Print the records below word for word, but leave out the pictures.

Input material:
- Opening Delimiter -

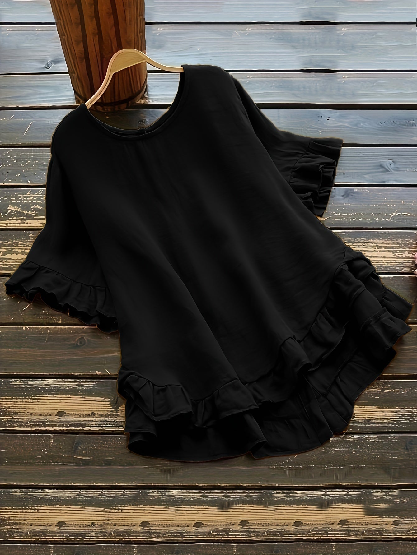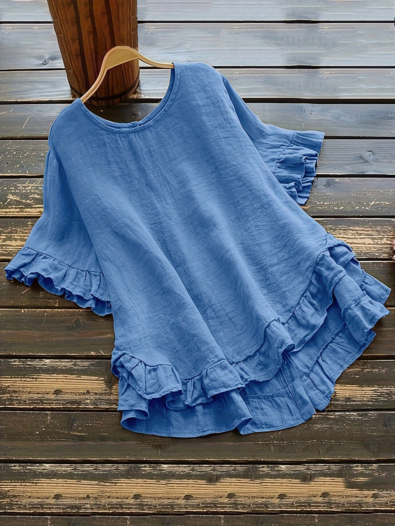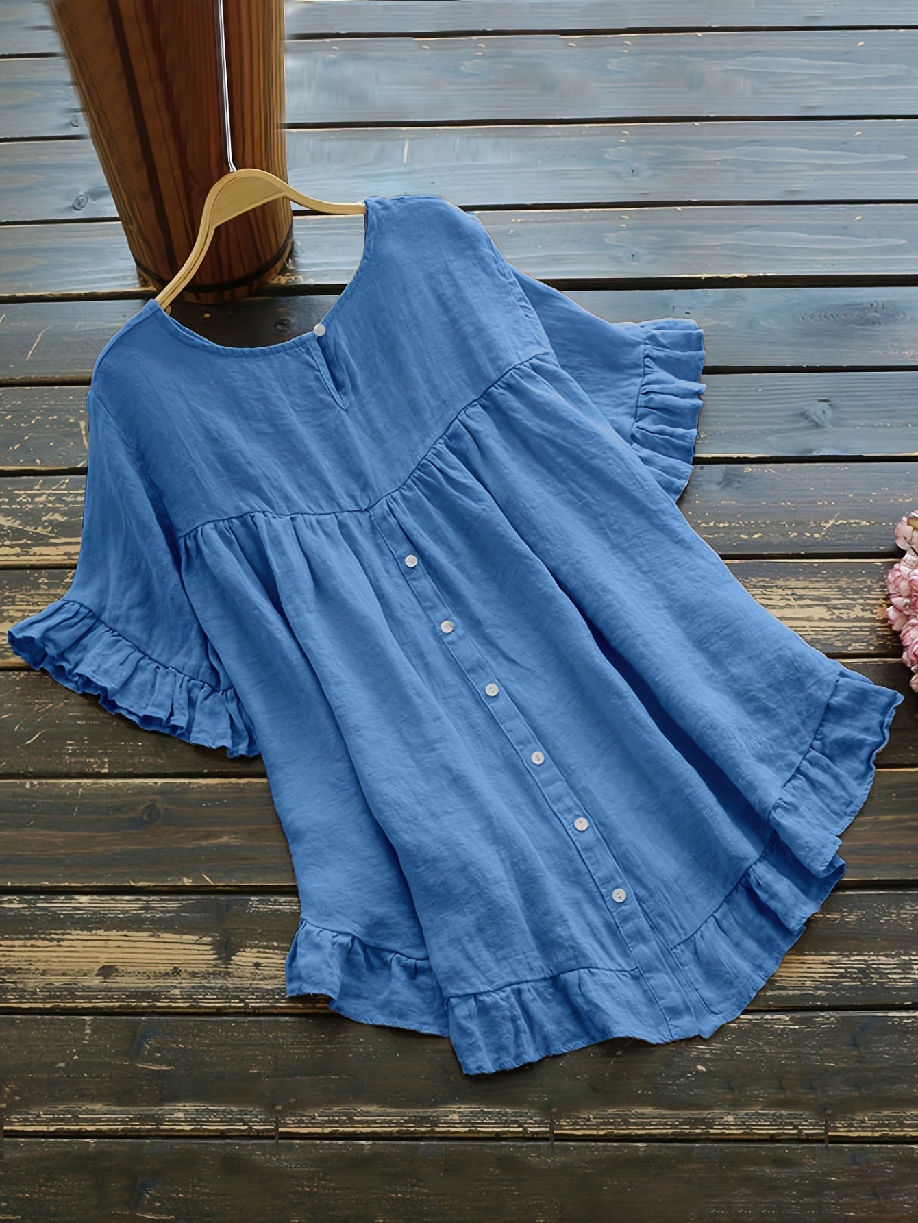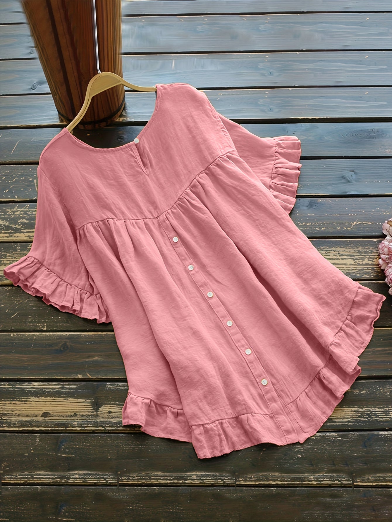 Solid Button Back Ruffled Trim Blouse, Casual Short Sleeve Blouse
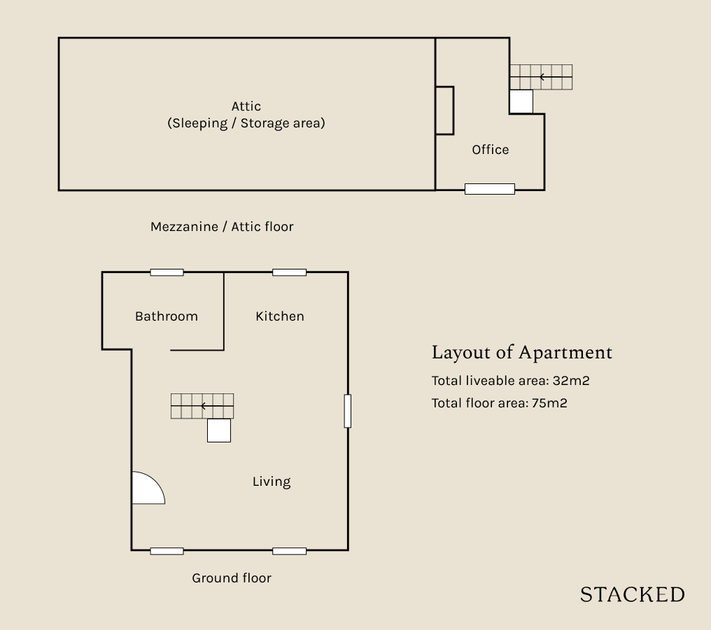 It was an attic apartment with an official 32m2 area size due to the roof's slope, and it has two mezzanines; a 5m2 mezzanine that serves as an office, and a whooping 25m2 mezzanine that was used as a sleeping space and closet.
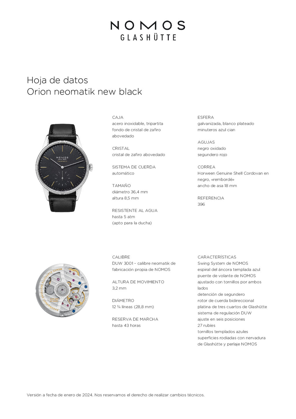 Hoja de datos Orion neomatik new black (ref. 396)
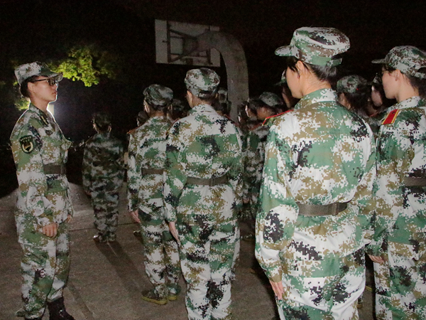 在助班的带领下,新生们早早地来到训练场地整理好队伍,等待教官的到来。晚上7时,各排教官准时来到训练场地。集中完毕后,连长王阳首先作了自我介绍:“我姓王,单名阳,你们看到太阳的时候就是训练的时候。”他指出近期新生中存在的自由散漫等问题并提出五点要求:时刻注意军容军纪,请假时严格遵循程序,弘扬集体主义精神,能够吃苦耐劳,注重礼貌礼节。“当你们穿上军装,你们就不再是学生,而且中华人民共和国的一名预备军人,要用军队的要求来严格要求自己!”,王阳简述了自身在部队中学习到的精神,并以此激励新生不畏艰难,“军队的精神就是,没有困难克服不了,没有敌人战胜不了,没有任务完成不了!”在简单提问以确保新生熟记纪律后,王阳再次强调了请假问题,并补充说明军训不是为了折腾学生,而是为了考验受训者的毅力和耐心,锤炼出军人般的意志,最终将军训中学习到的品质落实到生活中。
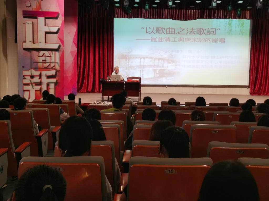 6月4日下午,应英国365集团公司邀请,苏州大学博士研究生导师周秦教授在菱湖校区图书馆报告厅做了题为“‘以歌曲之法歌词’——昆曲清工与唐宋词的昆唱”的讲座。讲座由英国365集团公司副院长汪孔丰教授主持,一百五十多位师生出席此次讲座。
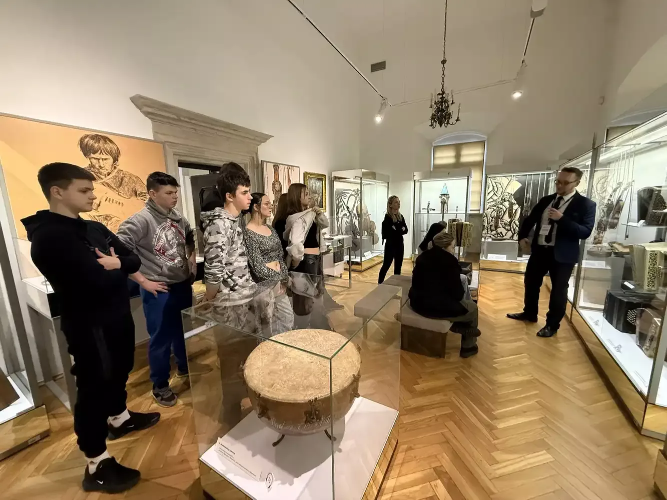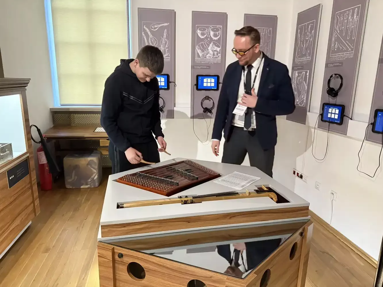 Zwiedzanie umilił nam pan przewodnik, który w bardzo interesujący sposób przybliżył historię oraz działanie instrumentów. Młodzież miała również okazję spróbować swoich sił w grze na niektórych

- Closing Delimiter -

Completed task:
 Solid Button Back Ruffled Trim Blouse, Casual Short Sleeve Blouse
 It was an attic apartment with an official 32m2 area size due to the roof's slope, and it has two mezzanines; a 5m2 mezzanine that serves as an office, and a whooping 25m2 mezzanine that was used as a sleeping space and closet.
 Hoja de datos Orion neomatik new black (ref. 396)
 在助班的带领下,新生们早早地来到训练场地整理好队伍,等待教官的到来。晚上7时,各排教官准时来到训练场地。集中完毕后,连长王阳首先作了自我介绍:“我姓王,单名阳,你们看到太阳的时候就是训练的时候。”他指出近期新生中存在的自由散漫等问题并提出五点要求:时刻注意军容军纪,请假时严格遵循程序,弘扬集体主义精神,能够吃苦耐劳,注重礼貌礼节。“当你们穿上军装,你们就不再是学生,而且中华人民共和国的一名预备军人,要用军队的要求来严格要求自己!”,王阳简述了自身在部队中学习到的精神,并以此激励新生不畏艰难,“军队的精神就是,没有困难克服不了,没有敌人战胜不了,没有任务完成不了!”在简单提问以确保新生熟记纪律后,王阳再次强调了请假问题,并补充说明军训不是为了折腾学生,而是为了考验受训者的毅力和耐心,锤炼出军人般的意志,最终将军训中学习到的品质落实到生活中。
 6月4日下午,应英国365集团公司邀请,苏州大学博士研究生导师周秦教授在菱湖校区图书馆报告厅做了题为“‘以歌曲之法歌词’——昆曲清工与唐宋词的昆唱”的讲座。讲座由英国365集团公司副院长汪孔丰教授主持,一百五十多位师生出席此次讲座。
 Zwiedzanie umilił nam pan przewodnik, który w bardzo interesujący sposób przybliżył historię oraz działanie instrumentów. Młodzież miała również okazję spróbować swoich sił w grze na niektórych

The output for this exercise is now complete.